Gnulib supports these operating systems only in an unvirtualized environment.
When you run an OS inside a virtual machine, you have to be aware that the
virtual machine can bring in bugs of its own.  For example, floating-point
operations on Solaris can behave slightly differently in QEMU than on real
hardware.  And Haiku's @command{bash} program misbehaves in VirtualBox 3,
whereas it behaves fine in VirtualBox 4.

Similarly, running native Windows binaries on GNU/Linux under WINE is
rarely tested and low priority: WINE has a set of behaviours and bugs that
is slightly different from native Windows.

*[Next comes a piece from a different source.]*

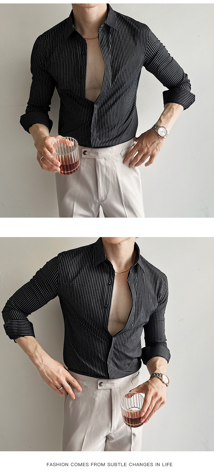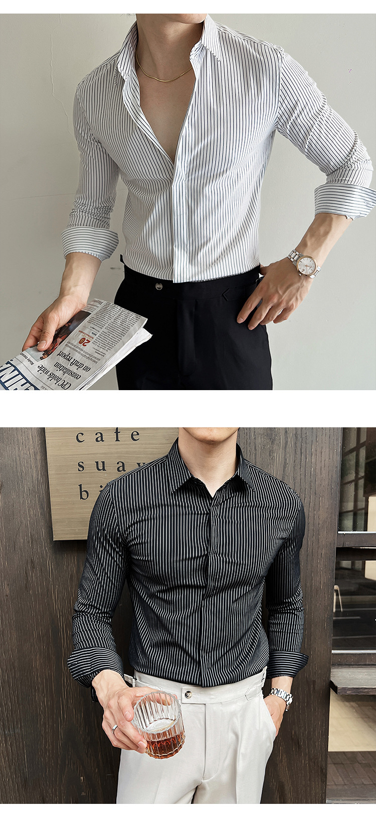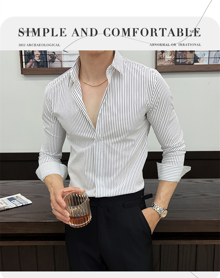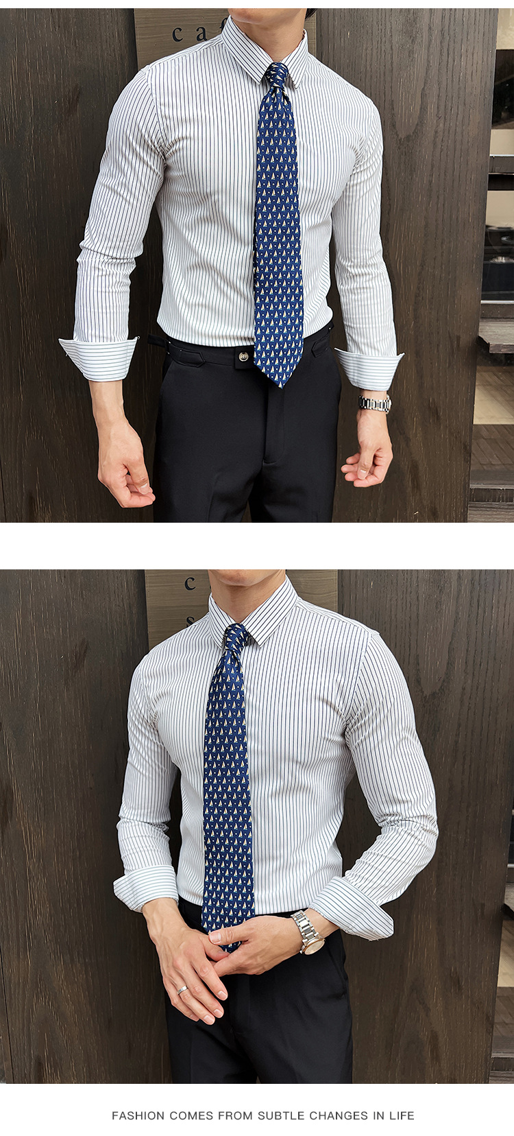 라이브 방송 판매 봄 신상 남성 스트라이프 다크 플래킷 긴팔 셔츠 슬림핏 멋스러운 영국 트렌드 셔츠

@node Unsupported Platforms
@subsection Unsupported Platforms

@cindex integer arithmetic portability
@cindex portability, integer arithmetic

Some platforms with C compilers are not supported by Gnulib because
the platforms violate Gnulib's C portability assumptions.  @xref{Other
portability assumptions}.

These assumptions are not required by the C or POSIX standards but
hold on almost all practical porting targets.  If you need to port
Gnulib code to a platform where these assumptions are not true, we
would appreciate hearing of any fixes.  We need fixes that do not
increase runtime overhead on standard hosts and that are relatively
easy to maintain.

These platforms are listed below to illustrate problems that Gnulib
and Gnulib-using code would have if it were intended to be portable to
all practical POSIX or C platforms.

@itemize @bullet
@item
Clang's @option{-fsanitize=undefined} option causes the program to
crash if it adds zero to a null pointer -- behavior that is undefined
in strict C, but which yields a null pointer on all practical porting
targets and which the Gnulib portability guidelines allow.

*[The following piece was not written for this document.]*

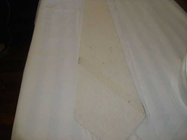 Presione la parte más grande de la tela de la corbata con las líneas de prensado original como guía. Hice el error de presionar la sección entera y descubrió que debo haber presionado el lazo con las líneas originales.

If you use Clang with @option{-fsanitize=undefined}, you can work
around the problem by also using @samp{-fno-sanitize=pointer-overflow},
although this may also disable some unrelated and useful pointer checks.
Perhaps someday the Clang developers will fix the infelicity.

@item
The IBM i's pointers are 128 bits wide and it lacks the two types
@code{intptr_t} and @code{uintptr_t}, which are optional in the C and
POSIX standards.  However, these two types are required for the XSI
extension to POSIX, and many Gnulib modules use them.  To work around
this compatibility problem, Gnulib-using applications can be run on
the IBM i's PASE emulation environment.  The IBM i's architecture
descends from the System/38 (1978).

@item
The Unisys ClearPath Dorado's machine word is 36 bits.  Its signed
integers use a ones'-complement representation.  On these machines,
@code{CHAR_BIT == 9} and @code{INT_MIN == -INT_MAX}.  By default
@code{UINT_MAX} is @math{2^{36} - 2}, which does not conform to the C
requirement that it be one less than a power of two.  Although
compiler options can raise @code{UINT_MAX} to be @math{2^{36} - 1},
this can break system code that uses @math{-0} as a flag value.
This platform's architecture descends from the UNIVAC 1103 (1953).

@item
The Unisys ClearPath Libra's machine word is 48 bits
with a 4-bit tag and a 4-bit data extension.  Its
@code{unsigned int} uses the low-order 40 bits of the word, and
@code{int} uses the low-order 41 bits of the word with a
signed-magnitude representation.  On these machines, @code{INT_MAX ==
UINT_MAX}, @code{INT_MIN == -INT_MAX}, and @code{sizeof (int) == 6}.
This platform's architecture descends from the Burroughs B5000 (1961).
@end itemize

The following platforms are not supported by Gnulib.  The cost of
supporting them would exceed the benefit because they are rarely used, or
poorly documented, or have been supplanted by other platforms, or diverge
too much from POSIX, or some combination of these and other factors.
Please don't bother sending us patches for them.

@itemize
@item
Windows 95/98/ME.
@item
DJGPP and EMX (the 32-bit operating systems running in DOS).
@item
MSDOS (the 16-bit operating system).
@item
Windows Mobile, Symbian OS, iOS.
@end itemize

@node Modules
@section Modules

Gnulib is divided into modules.  Every module implements a single
facility.  Modules can depend on other modules.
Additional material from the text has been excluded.